ACEUM: des agriculteurs fulminent, et ce n'est pas contre la gestion de l'offre

OTTAWA - Une importante organisation d'agriculteurs américains souhaite que le nouvel accord de libre-échange nord-américain soit renégocié afin de corriger une faille majeure -- qui n'a rien à voir avec le controversé système de gestion de l'offre.

La National Farmers Union affirme que la protection élargie des brevets pour les nouveaux produits pharmaceutiques doit être réduite afin que des versions génériques moins coûteuses de nouveaux médicaments puissent être mises à la disposition des consommateurs plus rapidement.

Patty Edelberg, vice-présidente du groupe établi à Washington, a fait valoir que les familles d'agriculteurs américains qui font face à un stress croissant et un marché en déclin ont besoin d'un meilleur accès à des soins de santé abordables -- ce qui comprend les médicaments. Selon elle, cela revêt une plus grande importance que l'accès au marché protégé des produits laitiers au Canada.

L'ouverture du marché canadien des produits laitiers régis par la gestion de l'offre était une priorité majeure des États-Unis lors de la renégociation de l'accord de libre-échange nord-américain, qui a été ponctuée par de vives critiques de Donald Trump sur des pratiques jugées déloyales pour les agriculteurs américains.

Les républicains exercent de fortes pressions au Capitole cette semaine, exhortant les démocrates à présenter un projet de loi de ratification du nouvel Accord Canada-États-Unis-Mexique (ACEUM) à la Chambre des représentants.

Mais les démocrates souhaitent d'abord apporter des changements à l'ACEUM, notamment sur les nouvelles protections des brevets des produits pharmaceutiques, ainsi que des dispositions plus strictes en matière de travail et d'environnement. Cet effort est également soutenu par le syndicat d'agriculteurs américains.

D'autres groupes agricoles, ainsi que des politiciens d'États producteurs de lait, poussent également les démocrates à aller de l'avant avec l'ACEUM.

Ni le Canada ni les États-Unis n'ont encore ratifié le nouvel accord. Le Congrès américain est revenu de ses vacances d'été cette semaine tandis que la campagne électorale fédérale canadienne s'amorce officiellement mercredi, ce qui signifie que le Parlement ne pourra siéger qu'après le 21 octobre.

Retourner à la table

Le gouvernement libéral a déjà affirmé qu'il ne renégocierait pas le nouvel accord, estimant qu'il était clos, mais Mme Edelberg s'est fait l'écho du discours démocrate selon lequel des changements devront être apportés, notamment en ce qui concerne les dispositions de protection des brevets pour les médicaments.

«Sans accès à des soins de santé de qualité, et les médicaments sur ordonnance en constituent une part importante, il est dur de vendre (l'accord) aux agriculteurs», a déclaré Mme Edelberg en entrevue mardi.

«Nous devons retourner à la table des négociations», a-t-elle ajouté. «Pourquoi les produits pharmaceutiques se retrouvent-ils dans un accord commercial? Cela n'a jamais été là auparavant. Cela ne venait pas du Canada, pas plus du Mexique. Cela venait de notre propre grand secteur pharmaceutique aux États-Unis et une fois que cela figure dans un accord commercial, il n'y a plus moyen de revenir en arrière.»
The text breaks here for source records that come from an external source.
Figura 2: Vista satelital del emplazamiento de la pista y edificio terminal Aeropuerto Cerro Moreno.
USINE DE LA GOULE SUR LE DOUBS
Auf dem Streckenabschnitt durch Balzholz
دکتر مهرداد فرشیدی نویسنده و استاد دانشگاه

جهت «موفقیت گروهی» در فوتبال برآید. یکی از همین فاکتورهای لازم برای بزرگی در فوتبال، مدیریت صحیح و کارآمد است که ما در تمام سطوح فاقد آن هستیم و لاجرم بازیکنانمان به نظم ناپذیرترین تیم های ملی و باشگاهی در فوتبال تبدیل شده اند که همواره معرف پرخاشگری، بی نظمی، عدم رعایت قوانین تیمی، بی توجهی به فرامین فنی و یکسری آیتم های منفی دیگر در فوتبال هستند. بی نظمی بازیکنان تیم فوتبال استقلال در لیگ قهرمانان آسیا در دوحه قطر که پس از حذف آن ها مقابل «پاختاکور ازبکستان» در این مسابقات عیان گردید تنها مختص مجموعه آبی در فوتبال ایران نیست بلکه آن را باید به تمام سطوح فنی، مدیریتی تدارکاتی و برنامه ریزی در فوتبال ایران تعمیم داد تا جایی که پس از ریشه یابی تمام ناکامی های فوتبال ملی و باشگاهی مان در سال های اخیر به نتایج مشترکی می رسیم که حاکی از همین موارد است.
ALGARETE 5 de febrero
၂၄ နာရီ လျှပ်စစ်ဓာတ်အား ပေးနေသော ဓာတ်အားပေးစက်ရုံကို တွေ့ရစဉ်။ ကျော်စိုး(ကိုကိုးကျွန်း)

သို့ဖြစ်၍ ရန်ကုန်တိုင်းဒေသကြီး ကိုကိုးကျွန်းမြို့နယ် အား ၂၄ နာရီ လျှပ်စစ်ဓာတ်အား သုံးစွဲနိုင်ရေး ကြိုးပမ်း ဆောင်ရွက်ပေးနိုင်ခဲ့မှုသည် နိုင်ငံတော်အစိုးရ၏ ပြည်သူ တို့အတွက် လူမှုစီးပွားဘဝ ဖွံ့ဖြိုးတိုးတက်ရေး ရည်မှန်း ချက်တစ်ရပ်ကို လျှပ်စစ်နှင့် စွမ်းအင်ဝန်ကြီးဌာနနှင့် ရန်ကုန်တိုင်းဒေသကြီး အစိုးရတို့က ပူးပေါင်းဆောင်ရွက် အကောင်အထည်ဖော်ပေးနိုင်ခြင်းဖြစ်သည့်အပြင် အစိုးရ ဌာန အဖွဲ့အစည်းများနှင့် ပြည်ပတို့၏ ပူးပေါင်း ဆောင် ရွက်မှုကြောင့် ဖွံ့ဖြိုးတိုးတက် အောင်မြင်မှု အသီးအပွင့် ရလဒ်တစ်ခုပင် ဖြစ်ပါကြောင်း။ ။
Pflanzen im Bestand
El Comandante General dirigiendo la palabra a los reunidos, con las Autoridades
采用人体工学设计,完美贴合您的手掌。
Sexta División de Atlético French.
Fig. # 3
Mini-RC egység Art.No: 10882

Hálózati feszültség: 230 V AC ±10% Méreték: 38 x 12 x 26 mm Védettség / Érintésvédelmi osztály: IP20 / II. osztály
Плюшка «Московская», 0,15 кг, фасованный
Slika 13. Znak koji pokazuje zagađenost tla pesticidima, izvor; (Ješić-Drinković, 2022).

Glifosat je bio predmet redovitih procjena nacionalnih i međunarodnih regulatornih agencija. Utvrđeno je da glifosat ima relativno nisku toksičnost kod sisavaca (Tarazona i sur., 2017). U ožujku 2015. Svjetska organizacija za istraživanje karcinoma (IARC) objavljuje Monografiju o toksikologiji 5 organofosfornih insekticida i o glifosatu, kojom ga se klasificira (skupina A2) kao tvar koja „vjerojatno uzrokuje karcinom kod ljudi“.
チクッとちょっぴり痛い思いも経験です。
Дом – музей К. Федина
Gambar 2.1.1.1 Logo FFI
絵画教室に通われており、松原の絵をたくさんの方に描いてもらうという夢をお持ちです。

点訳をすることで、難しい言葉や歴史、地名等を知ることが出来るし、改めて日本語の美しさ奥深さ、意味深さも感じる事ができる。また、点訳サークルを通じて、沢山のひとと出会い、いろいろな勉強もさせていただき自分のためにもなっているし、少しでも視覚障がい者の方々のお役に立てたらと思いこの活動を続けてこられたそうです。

Les producteurs laitiers canadiens ne sont pas non plus satisfaits de l'accord, et critiquent l'accès accru qu'il permet aux produits américains.

«S'il est ratifié tel quel, l'ACEUM concédera quatre pour cent additionnels de notre production laitière aux producteurs laitiers américains pour approvisionner le marché canadien, tout en limitant notre capacité à exporter nos propres produits laitiers», a affirmé le directeur général des Producteurs laitiers du Canada, Jacques Lefebvre, dans une déclaration à La Presse canadienne.

Mme Edelberg a affirmé pour sa part que l'accès accru des producteurs américains au marché canadien est négligeable et ne résoudra pas les problèmes auxquels les agriculteurs de son pays sont maintenant confrontés.

«Votre industrie laitière représente un dixième de la taille de notre industrie laitière», a-t-elle souligné.

«La seule chose que nous allons faire en augmentant nos exportations de produits laitiers vers le Canada, c'est de ruiner votre système de gestion de l'offre... Et de gâcher votre industrie laitière n'en vaut pas le coup pour le peu que cela nous apportera.»